TASK STATEMENT » Would you print exactly the lines that begin the listing and continue through the line holding "Z okazji Światowego"? No pictures, please.

╭─ INFORMATION SHOWN

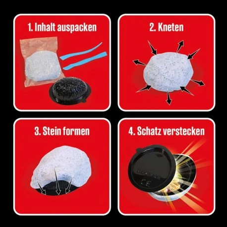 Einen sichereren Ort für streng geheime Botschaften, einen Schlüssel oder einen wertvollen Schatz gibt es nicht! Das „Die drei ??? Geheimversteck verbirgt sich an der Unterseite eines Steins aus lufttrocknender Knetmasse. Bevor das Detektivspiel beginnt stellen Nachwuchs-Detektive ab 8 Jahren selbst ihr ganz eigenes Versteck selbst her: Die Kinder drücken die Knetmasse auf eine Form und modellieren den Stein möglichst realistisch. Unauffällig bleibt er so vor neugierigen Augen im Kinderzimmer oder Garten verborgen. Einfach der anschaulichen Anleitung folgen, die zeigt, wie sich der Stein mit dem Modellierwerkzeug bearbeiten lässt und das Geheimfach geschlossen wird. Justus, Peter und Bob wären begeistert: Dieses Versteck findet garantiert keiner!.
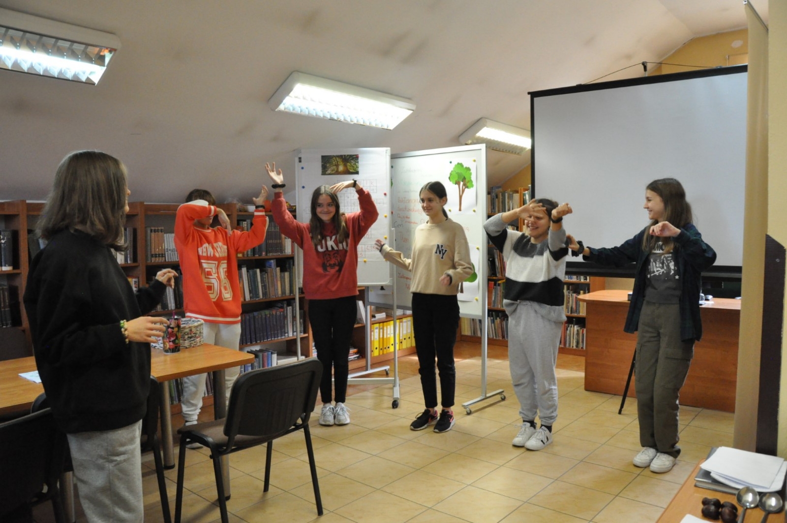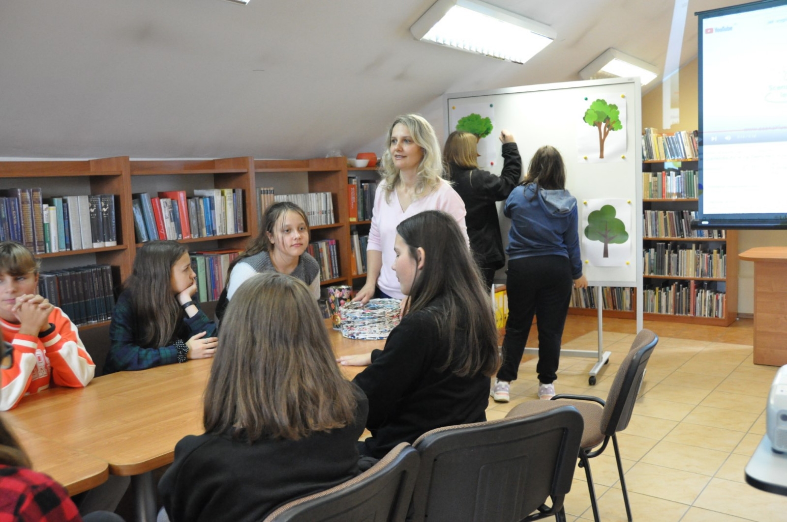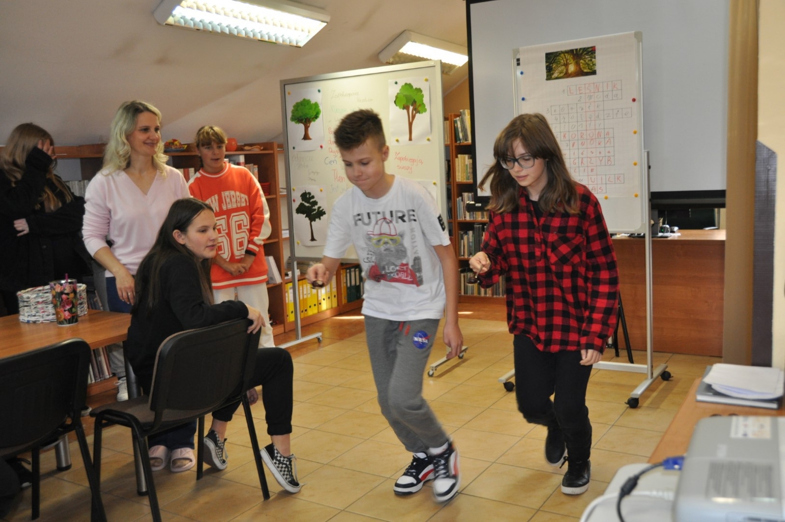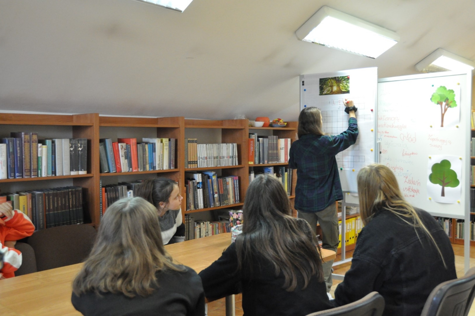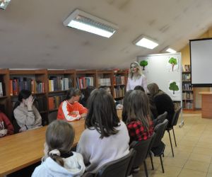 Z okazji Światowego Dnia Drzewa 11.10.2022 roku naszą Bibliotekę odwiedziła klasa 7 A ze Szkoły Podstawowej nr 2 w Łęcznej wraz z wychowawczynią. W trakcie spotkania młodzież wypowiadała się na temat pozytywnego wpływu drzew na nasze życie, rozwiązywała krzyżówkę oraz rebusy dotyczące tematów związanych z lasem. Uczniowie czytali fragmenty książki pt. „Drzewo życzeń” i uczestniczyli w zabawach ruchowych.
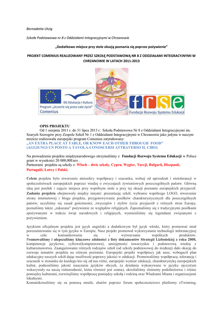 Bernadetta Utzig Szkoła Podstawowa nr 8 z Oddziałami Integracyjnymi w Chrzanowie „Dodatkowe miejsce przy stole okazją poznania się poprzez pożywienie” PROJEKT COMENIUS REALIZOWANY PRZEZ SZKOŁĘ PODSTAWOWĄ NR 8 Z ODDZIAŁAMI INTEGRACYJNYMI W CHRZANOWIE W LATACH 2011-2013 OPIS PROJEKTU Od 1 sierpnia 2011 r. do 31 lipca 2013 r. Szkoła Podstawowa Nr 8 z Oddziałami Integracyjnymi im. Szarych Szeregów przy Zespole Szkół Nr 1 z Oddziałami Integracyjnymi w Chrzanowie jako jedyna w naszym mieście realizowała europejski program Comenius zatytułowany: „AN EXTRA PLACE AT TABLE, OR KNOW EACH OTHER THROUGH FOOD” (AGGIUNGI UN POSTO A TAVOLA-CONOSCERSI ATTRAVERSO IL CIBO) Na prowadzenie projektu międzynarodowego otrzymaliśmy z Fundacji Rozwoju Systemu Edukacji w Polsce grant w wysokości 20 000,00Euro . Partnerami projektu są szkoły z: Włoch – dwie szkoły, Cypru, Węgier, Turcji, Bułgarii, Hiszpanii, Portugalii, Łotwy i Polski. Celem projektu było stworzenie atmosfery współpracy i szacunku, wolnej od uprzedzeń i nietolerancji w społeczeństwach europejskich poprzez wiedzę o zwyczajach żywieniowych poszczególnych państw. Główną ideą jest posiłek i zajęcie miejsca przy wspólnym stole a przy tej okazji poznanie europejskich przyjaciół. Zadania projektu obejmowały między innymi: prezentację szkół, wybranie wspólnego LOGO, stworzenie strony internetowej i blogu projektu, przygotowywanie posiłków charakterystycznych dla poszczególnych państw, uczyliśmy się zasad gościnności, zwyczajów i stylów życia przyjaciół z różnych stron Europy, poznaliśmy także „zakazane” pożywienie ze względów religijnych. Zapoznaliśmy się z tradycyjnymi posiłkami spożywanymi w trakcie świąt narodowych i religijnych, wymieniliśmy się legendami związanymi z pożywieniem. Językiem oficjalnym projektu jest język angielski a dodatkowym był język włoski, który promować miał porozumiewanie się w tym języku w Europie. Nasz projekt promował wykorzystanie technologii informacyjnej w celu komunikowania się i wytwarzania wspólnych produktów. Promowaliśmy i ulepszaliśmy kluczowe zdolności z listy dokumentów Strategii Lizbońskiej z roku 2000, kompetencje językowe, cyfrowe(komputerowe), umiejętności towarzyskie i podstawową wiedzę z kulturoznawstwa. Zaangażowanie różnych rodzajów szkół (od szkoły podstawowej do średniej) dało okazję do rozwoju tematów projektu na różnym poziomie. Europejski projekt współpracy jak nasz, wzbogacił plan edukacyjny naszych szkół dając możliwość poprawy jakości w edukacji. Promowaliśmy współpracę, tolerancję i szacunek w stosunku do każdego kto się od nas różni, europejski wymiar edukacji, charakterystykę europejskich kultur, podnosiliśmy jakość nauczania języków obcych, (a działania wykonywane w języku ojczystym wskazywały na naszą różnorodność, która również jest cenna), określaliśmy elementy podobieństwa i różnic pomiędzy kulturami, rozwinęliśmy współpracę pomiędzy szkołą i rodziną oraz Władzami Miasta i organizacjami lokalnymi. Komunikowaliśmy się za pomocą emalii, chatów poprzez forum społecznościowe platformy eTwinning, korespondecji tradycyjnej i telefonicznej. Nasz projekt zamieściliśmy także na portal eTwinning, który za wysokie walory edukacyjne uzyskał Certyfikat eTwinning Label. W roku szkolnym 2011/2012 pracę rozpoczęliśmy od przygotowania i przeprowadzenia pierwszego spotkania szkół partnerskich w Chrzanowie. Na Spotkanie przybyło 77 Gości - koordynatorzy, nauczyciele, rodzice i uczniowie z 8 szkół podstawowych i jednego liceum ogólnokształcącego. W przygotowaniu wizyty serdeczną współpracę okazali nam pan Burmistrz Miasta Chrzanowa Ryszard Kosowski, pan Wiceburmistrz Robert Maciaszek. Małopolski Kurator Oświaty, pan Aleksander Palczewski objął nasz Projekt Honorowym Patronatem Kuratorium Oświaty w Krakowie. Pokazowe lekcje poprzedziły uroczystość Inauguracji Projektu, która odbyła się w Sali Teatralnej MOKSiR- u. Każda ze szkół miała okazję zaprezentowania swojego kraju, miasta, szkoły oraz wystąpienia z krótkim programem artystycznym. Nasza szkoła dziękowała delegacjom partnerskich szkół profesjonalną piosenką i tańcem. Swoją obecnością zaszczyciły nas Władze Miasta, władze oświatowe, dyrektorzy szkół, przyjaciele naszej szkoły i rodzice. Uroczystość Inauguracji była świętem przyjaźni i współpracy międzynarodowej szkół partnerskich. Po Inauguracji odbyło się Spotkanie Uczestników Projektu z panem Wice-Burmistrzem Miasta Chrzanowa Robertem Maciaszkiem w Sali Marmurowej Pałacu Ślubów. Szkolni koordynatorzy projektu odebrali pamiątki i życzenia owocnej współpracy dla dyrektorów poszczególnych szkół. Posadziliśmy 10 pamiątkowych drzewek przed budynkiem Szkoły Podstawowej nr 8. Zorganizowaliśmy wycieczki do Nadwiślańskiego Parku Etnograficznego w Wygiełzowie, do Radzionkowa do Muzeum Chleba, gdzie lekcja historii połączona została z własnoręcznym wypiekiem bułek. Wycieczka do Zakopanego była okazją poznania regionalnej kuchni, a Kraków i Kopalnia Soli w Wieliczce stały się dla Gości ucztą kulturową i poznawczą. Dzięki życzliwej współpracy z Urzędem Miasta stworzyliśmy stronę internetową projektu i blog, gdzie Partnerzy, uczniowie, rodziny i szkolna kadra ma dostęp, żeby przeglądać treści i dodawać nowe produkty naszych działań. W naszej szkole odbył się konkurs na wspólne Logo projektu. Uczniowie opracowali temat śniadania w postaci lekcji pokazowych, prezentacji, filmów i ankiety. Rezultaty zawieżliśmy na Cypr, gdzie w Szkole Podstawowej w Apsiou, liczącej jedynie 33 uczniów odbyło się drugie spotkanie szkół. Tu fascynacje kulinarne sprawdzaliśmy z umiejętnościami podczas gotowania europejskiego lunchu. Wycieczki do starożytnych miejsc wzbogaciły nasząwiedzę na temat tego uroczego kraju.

╰─

RESPONSE AREA »
 Einen sichereren Ort für streng geheime Botschaften, einen Schlüssel oder einen wertvollen Schatz gibt es nicht! Das „Die drei ??? Geheimversteck verbirgt sich an der Unterseite eines Steins aus lufttrocknender Knetmasse. Bevor das Detektivspiel beginnt stellen Nachwuchs-Detektive ab 8 Jahren selbst ihr ganz eigenes Versteck selbst her: Die Kinder drücken die Knetmasse auf eine Form und modellieren den Stein möglichst realistisch. Unauffällig bleibt er so vor neugierigen Augen im Kinderzimmer oder Garten verborgen. Einfach der anschaulichen Anleitung folgen, die zeigt, wie sich der Stein mit dem Modellierwerkzeug bearbeiten lässt und das Geheimfach geschlossen wird. Justus, Peter und Bob wären begeistert: Dieses Versteck findet garantiert keiner!.
 Z okazji Światowego Dnia Drzewa 11.10.2022 roku naszą Bibliotekę odwiedziła klasa 7 A ze Szkoły Podstawowej nr 2 w Łęcznej wraz z wychowawczynią. W trakcie spotkania młodzież wypowiadała się na temat pozytywnego wpływu drzew na nasze życie, rozwiązywała krzyżówkę oraz rebusy dotyczące tematów związanych z lasem. Uczniowie czytali fragmenty książki pt. „Drzewo życzeń” i uczestniczyli w zabawach ruchowych.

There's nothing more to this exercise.